Comportamento

A população brasileira vai encolher

Com dois anos de atraso, Censo registra a menor taxa de crescimento da história, migração das metrópoles para o interior e famílias reduzidas — cenário aponta a redução de habitantes já na próxima década

Crédito: Zanone Fraissat

São Paulo: aglomeração de pessoas na 25 de Março, via de intenso comércio na cidade (Crédito: Zanone Fraissat)

Por Thales de Menezes e Elba Kriss

O número de habitantes no Brasil em 2022 chegou a 203.062.512, segundo o Censo divulgado pelo IBGE na quarta-feira (28), um resultado que surpreendeu até mesmo a comunidade de profissionais de demografia. Em agosto de 2021, o instituto chegou a estimar a população em 213 milhões de pessoas. Em dezembro do ano passado, foi divulgada a prévia mais tímida até então, apontando 208 milhões. Mas o total da população é apenas uma das surpresas do levantamento.

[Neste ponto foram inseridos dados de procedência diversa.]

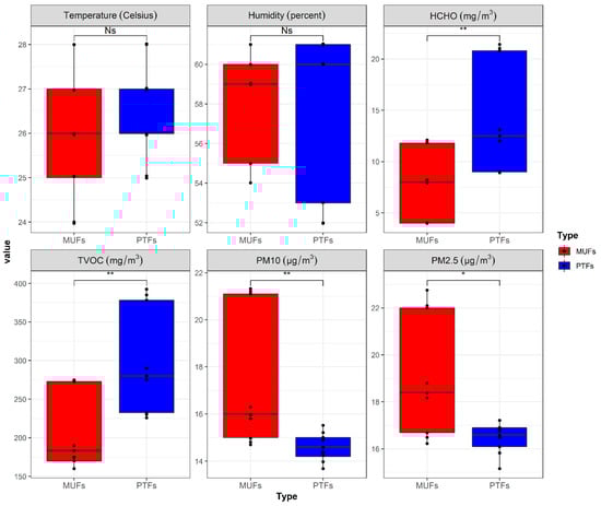 Data on six indoor air environmental parameters were collected in this study, as shown in Figure 1. Overall, the PM10 and PM2.5 concentrations in the MUF samples were significantly (1.3–1.5 times) higher than in the PTF samples (p < 0.05), whereas HCHO and TVOC concentrations were significantly (1.6–2.3 times) higher in the PTF samples than in the MUF samples (p < 0.05). The temperature and humidity (regarded as critical indoor quality parameters) were not significantly different from the other air parameters (p > 0.05). Moreover, the temperatures in the MUF and PTF samples were not significantly different, as the temperatures of the locations where the samples were collected are currently regulated to 24–27 °C by the Ministry of Environment, South Korea.

O novo Censo mostra uma visão diferente do Brasil: baixa natalidade, famílias menores, aumento de 34% no número de municípios e migração das metrópoles para o interior. Diagnóstico: o Brasil corre o risco de envelhecer antes de conseguir ficar rico e deve apresentar redução na população já na primeira metade da próxima década.

203 milhões
Total registrado pelo IBGE é menor que o esperado: instituto fez prévias com 10 milhões a mais

O IBGE ainda irá apresentar detalhamentos da pesquisa, como, por exemplo, os cortes por gênero e idade. Os dados colhidos serão fundamentais para definições de políticas públicas e balizamento das decisões econômicas, e eles são divulgados com quase dois anos de atraso, em mais uma herança danosa do governo de Jair Bolsonaro.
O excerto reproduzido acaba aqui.